Client inflows have continued post year-end which, in combination with the recovery in markets, has seen AUM grow 10% in two months to £7.4bn on 31 May 2020. Tatton’s longer-term growth trajectory appears firmly intact, however further market volatility could cause significant fluctuations in AUM levels over the shorter-term.
Market tailwinds coupled with a proven market leading proposition should see continued top-line growth.

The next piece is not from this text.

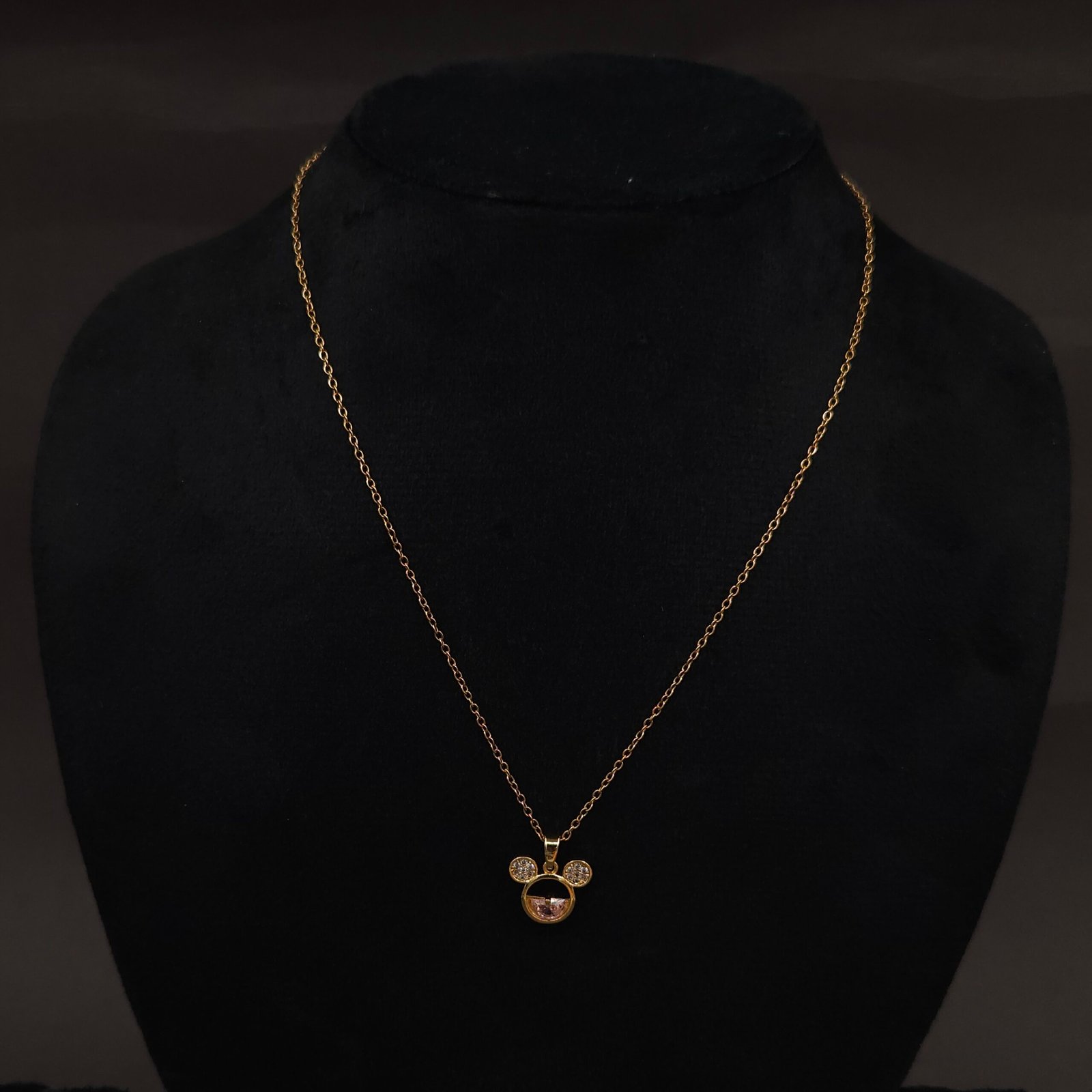 This cute mouse charm pendant necklace is crafted from hypoallergenic stainless steel and finished with anti-tarnish gold plating. Featuring a playful mouse silhouette, the design showcases sparkling cubic zirconia on both ears and a pink stone accent that adds a touch of whimsy. Durable, lightweight, and comfortable, it is perfect for gifting or trendy everyday looks.

Money managed by IFAs via platforms is growing rapidly – up from £311bn1 in 2017 to £530bn2 by Sep 2019. In particular, they are flocking to discretionary fund management (DFM) platforms (Tatton’s model) – with assets up from £5bn in 20111 to £48bn3 in mid-2019. Tatton has proven its ability to not only win new IFA clients, but to gain a larger share of their AUM over time.

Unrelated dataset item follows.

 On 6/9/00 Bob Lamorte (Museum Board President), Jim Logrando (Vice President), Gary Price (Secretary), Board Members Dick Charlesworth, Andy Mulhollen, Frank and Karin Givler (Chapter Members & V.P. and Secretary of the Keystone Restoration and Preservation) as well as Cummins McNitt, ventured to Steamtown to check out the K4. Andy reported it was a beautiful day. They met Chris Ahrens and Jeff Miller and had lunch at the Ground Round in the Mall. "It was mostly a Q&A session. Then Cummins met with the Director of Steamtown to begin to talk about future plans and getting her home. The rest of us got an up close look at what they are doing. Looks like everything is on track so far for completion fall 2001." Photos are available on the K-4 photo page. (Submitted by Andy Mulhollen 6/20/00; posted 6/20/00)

Operational leverage should see margins improve further as the business scales. There is valuation upside if Tatton continues to deliver. Its PER of 22.5 is below high performing asset managers - and Tatton is a 1st quartile performer on most metrics: AUM inflows, revenue growth, operating margin, EPS growth and ROE. It’s current 295p price is roughly in line with our discounted cash flow valuation of 300p.